Reporter’s Notebook: Crowds and confusion linger outside hospital gate
PORT-AU-PRINCE, HAITI — The concept of forming a line just isn’t getting through to those gathered outside the gate of the main hospital in the Haitian capital. Instead, there is a crushing throng of people waving identification cards, pleading with soldiers and trying to sneak inside.
About a dozen soldiers man the gate at a time, setting up every few feet trying to keep the masses at bay.
“We’re getting to know those at the gate,” Pfc. Erick Escobar said, pointing out one man who has been there every day with a different excuse for needing to go inside, none of which the soldiers have believed.
The soldiers of Company C, 1st Battalion, 325th Airborne Infantry Regiment with the 82nd Airborne Division, who are providing security, have found a few translators to help them distinguish between those who have a legitimate need to go inside the hospital and those who are just there to linger or maybe steal some medicine or equipment.
That’s been a problem with some of the workers the doctors have been requesting to come help them. Night falls and they turn to thievery.
“We’re at the point where we can identify the troublemakers,” 2nd Lt. Duane Sowa said, noting that the hospital employees pitching in at the gate sometimes don’t help matters. “They let in every good-looking girl they see.”
‘Civil War medicine’
Doctors are describing the medical procedures here as a form of battlefield medicine — the kind we saw in the 1800s.
“A lot of it is Civil War medicine,” said Lt. Col. Robert Malsby, 1st battalion surgeon. “The only thing you can do is cut off the limb. If you don’t have antibiotics and you know you aren’t going to get any soon, you have to take the limb to save the life.”
In the first few days after the earthquake this meant cutting off legs and arms, sometimes from four or five patients in one makeshift operating room, without the proper tools or anesthesia.
In recent days those supplies have become more available, though still in short supply. Even with all the aid coming in, keeping up a steady flow of medical supplies has been a challenge.

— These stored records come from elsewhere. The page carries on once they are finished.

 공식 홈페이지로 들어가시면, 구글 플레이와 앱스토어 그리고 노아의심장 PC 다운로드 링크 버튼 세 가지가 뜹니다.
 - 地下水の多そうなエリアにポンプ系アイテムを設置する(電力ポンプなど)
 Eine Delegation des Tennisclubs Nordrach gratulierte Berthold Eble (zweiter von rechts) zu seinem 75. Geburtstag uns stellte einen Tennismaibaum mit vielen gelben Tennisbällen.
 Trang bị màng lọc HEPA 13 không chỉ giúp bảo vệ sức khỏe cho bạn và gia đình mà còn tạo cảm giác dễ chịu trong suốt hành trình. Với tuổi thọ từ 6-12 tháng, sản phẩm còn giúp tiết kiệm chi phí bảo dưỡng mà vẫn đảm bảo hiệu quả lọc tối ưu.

At one point, the aid workers told Malsby they were three hours away from running out of anesthesia completely.
An improvised triage
There is a plethora of aid groups here to provide medical care but very little coordination among them. It makes for a confusing, sometimes stuttering aid effort.
Leave it to a few former servicemembers to take charge, creating an outdoor triage area at the hospital.

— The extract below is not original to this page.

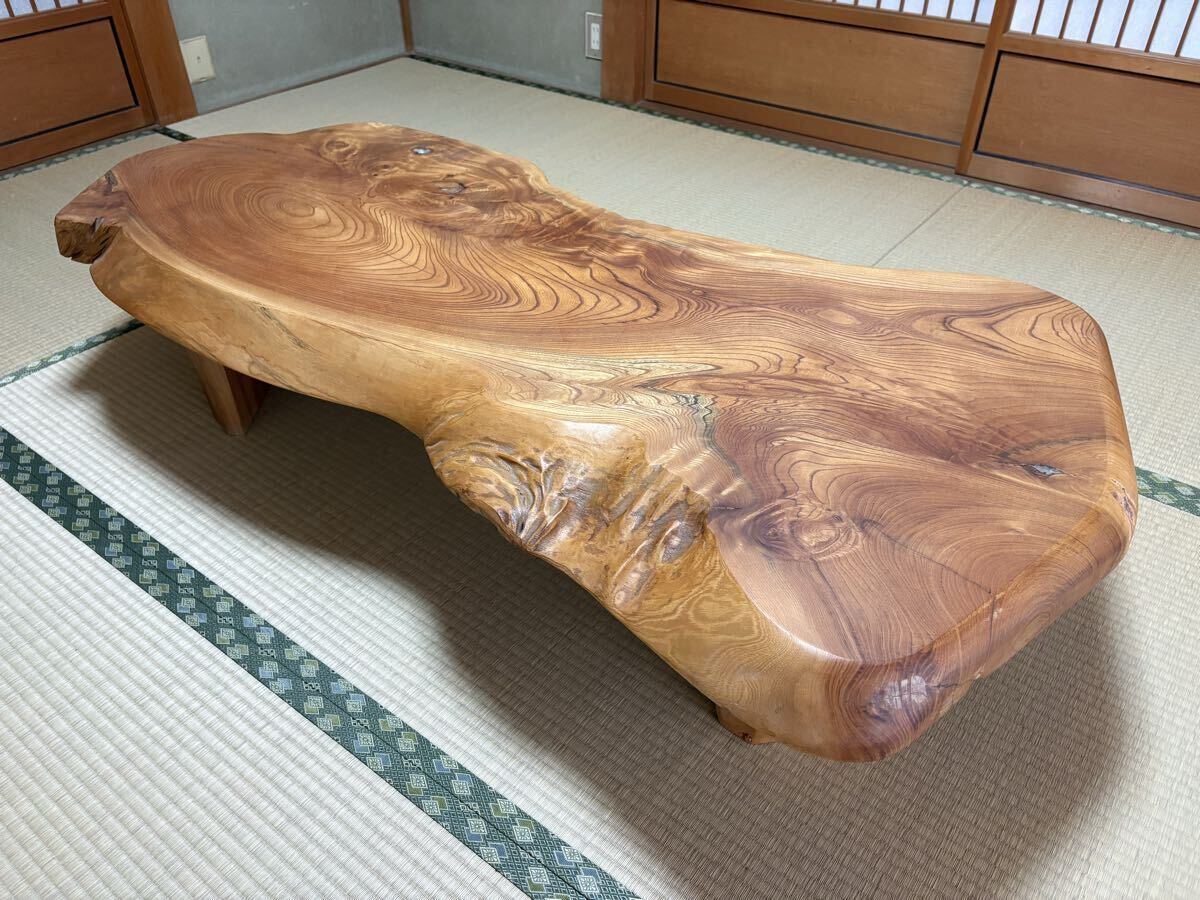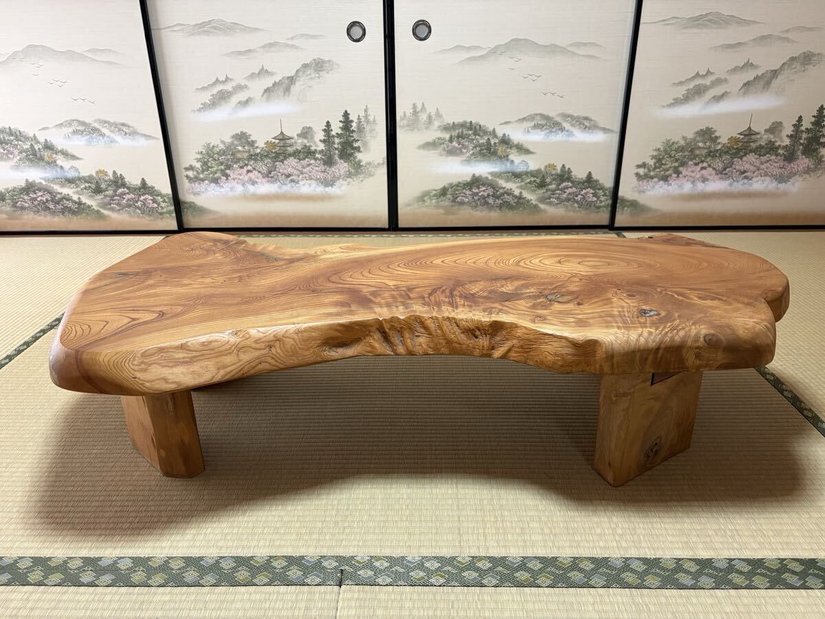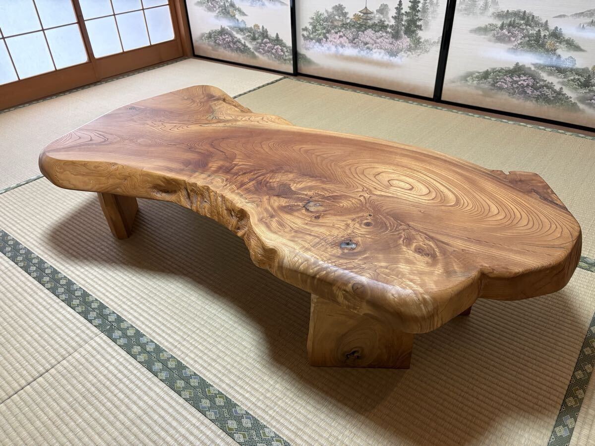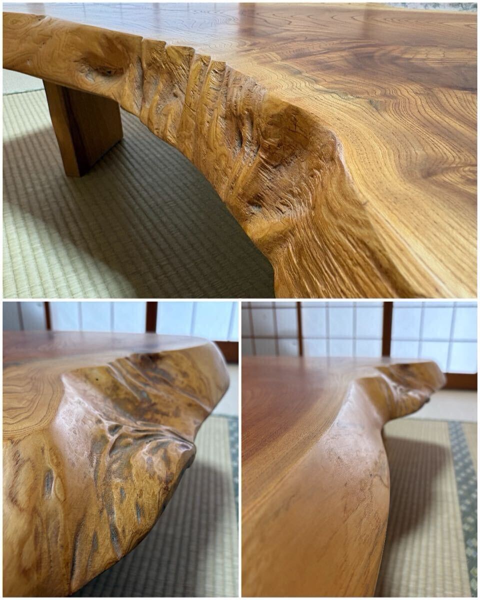 m 天然木 一枚板 座卓 木製テーブル ローテーブル 和家具 無垢材 ケヤキ 栃 耳付き 和モダン 茶室 民芸家具 インテリア コレクション◎

“The doctors had two overflowing ERs and they came out begging us to set-up an area outside,” David Griswell, a doctor and former soldier who was coming alone to Haiti but ended up running into a former Marine at the airport.
To make the triage area, parked cars had to go. And when the drivers couldn’t be found, Jake Wood, a former Marine in desert camouflage pants, took out his ax and crashed through a window so the car could be pushed out of the way.

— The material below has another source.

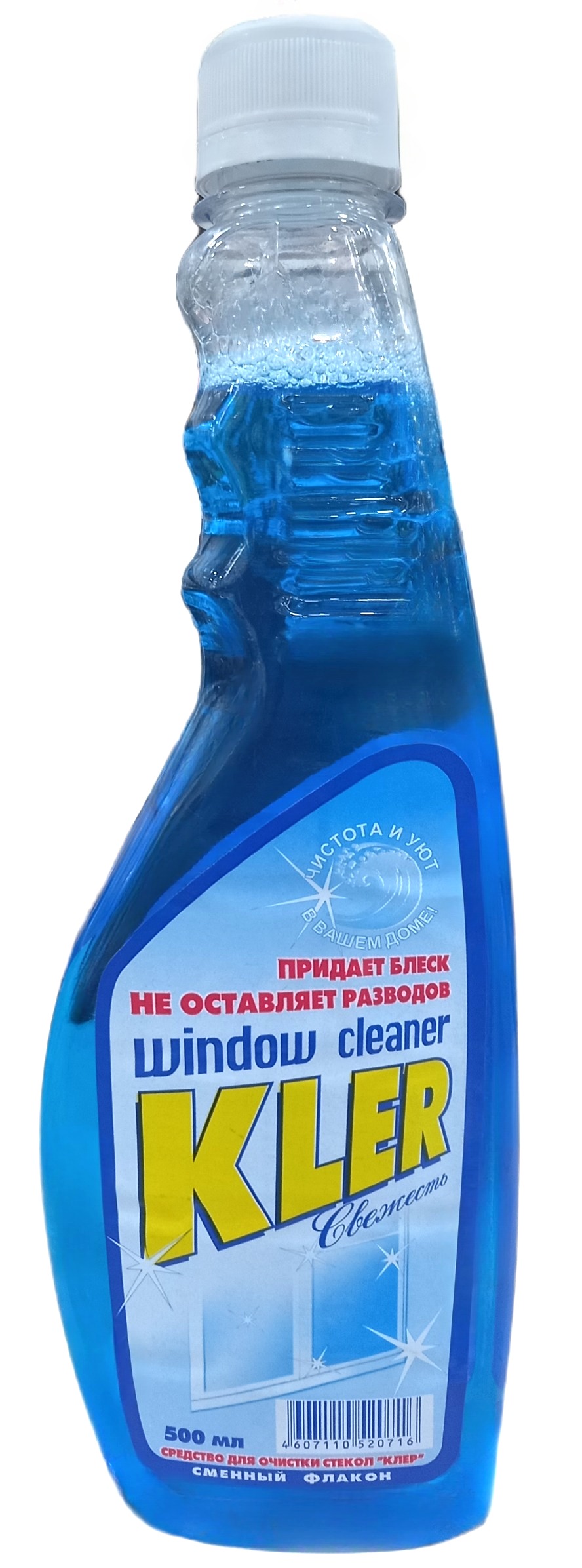 Средство KLER (Клер) "Свежесть" - универсальное средство для мытья стекол, зеркал, хрусталя, фарфора, кафеля, экранов телевизоров и любых других гладких поверхностей.

They set up shade for the patients using whatever they could find, a tarp on one side and pieces of cardboard boxes for individual hospital beds. Within an hour or two, they had an orderly triage area up and running.
Mark Hayward, who was a Special Forces medic before going to physician’s assistant school and leaving the Army as a captain, helped tend to the patients, many of whom needed to have their broken limbs in traction.
As is the case with so much right now, Hayward and the other aid workers improvised. They are using cinder blocks tied to rope.
As is the case with so much right now, Hayward and the other aid workers improvised. They are using cinderblocks tied to rope.